-- Listed entries --
'''

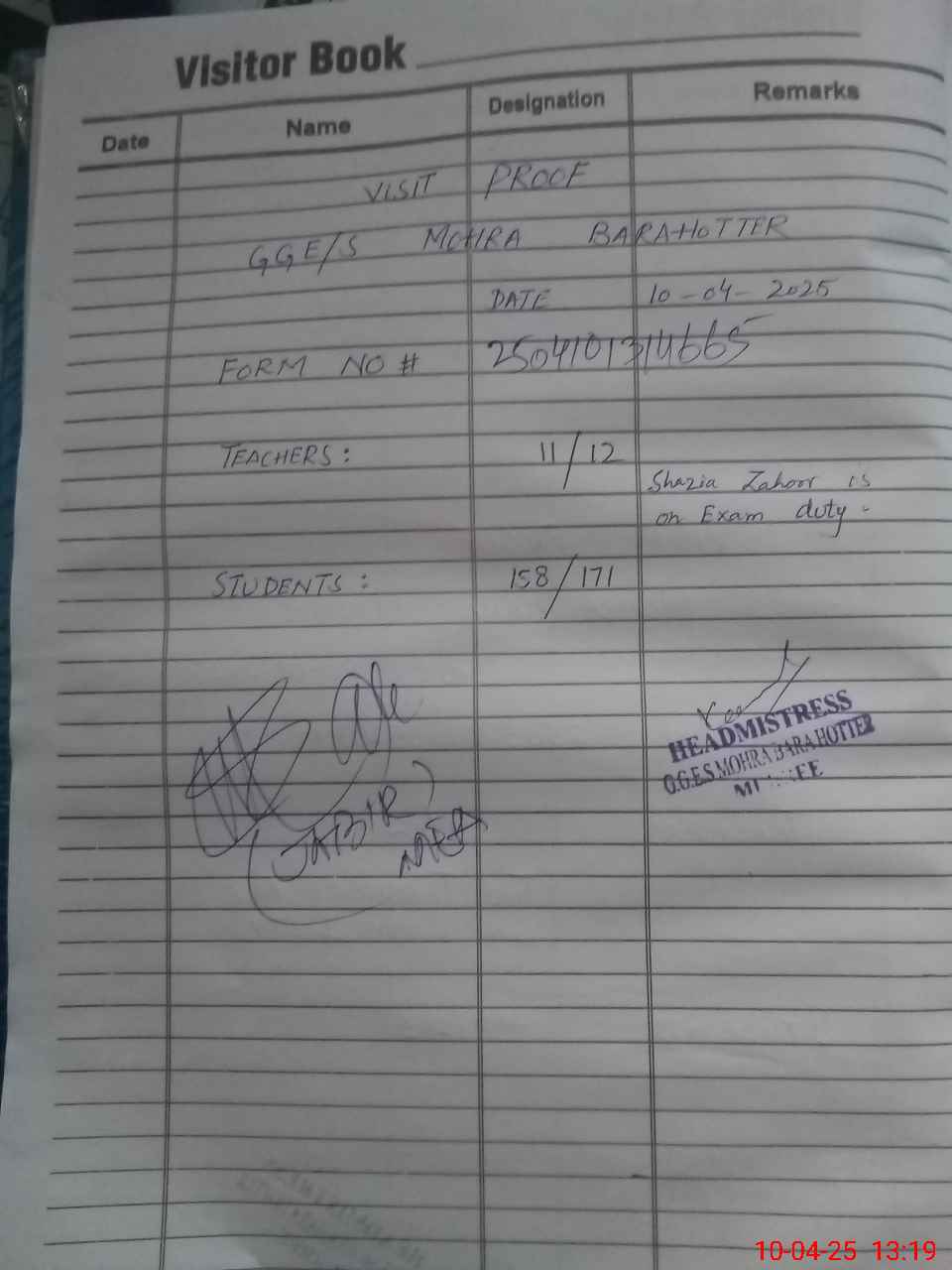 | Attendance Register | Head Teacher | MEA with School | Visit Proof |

'''
'''

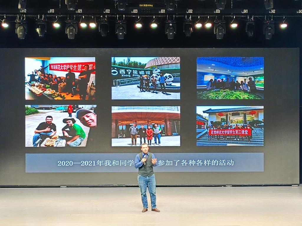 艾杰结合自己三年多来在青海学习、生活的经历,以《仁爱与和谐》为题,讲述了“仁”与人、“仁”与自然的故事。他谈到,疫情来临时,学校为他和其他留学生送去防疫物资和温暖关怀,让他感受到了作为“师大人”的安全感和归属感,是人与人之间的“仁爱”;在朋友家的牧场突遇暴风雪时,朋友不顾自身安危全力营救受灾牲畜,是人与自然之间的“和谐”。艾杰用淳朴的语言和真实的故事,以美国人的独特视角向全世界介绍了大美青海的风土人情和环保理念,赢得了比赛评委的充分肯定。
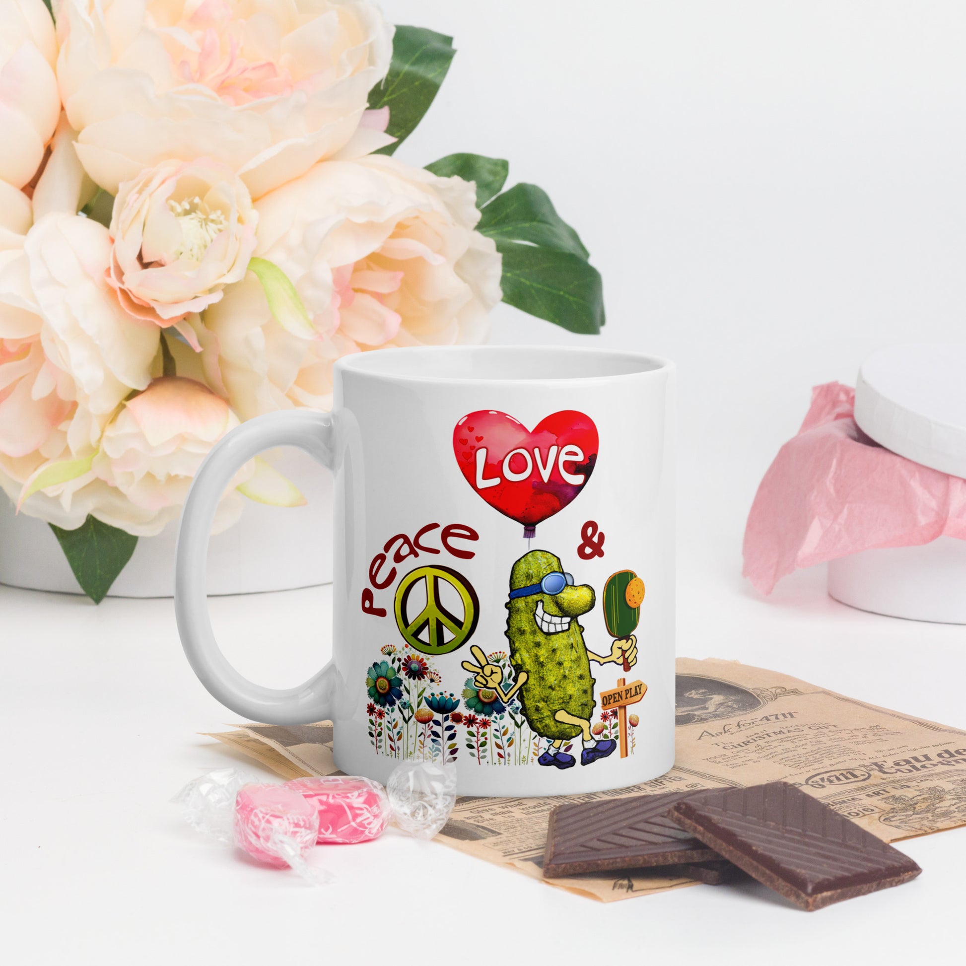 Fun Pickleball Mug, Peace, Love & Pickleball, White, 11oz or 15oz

'''

-- About this exercise --
Set the pictures aside and retype exactly the lines above from the line with "艾杰结合自己三年多来在青海学" to the line with "Fun Pickleball Mug, Peace, Love", both included, adding no others.

-- Response to this task --
 艾杰结合自己三年多来在青海学习、生活的经历,以《仁爱与和谐》为题,讲述了“仁”与人、“仁”与自然的故事。他谈到,疫情来临时,学校为他和其他留学生送去防疫物资和温暖关怀,让他感受到了作为“师大人”的安全感和归属感,是人与人之间的“仁爱”;在朋友家的牧场突遇暴风雪时,朋友不顾自身安危全力营救受灾牲畜,是人与自然之间的“和谐”。艾杰用淳朴的语言和真实的故事,以美国人的独特视角向全世界介绍了大美青海的风土人情和环保理念,赢得了比赛评委的充分肯定。
 Fun Pickleball Mug, Peace, Love & Pickleball, White, 11oz or 15oz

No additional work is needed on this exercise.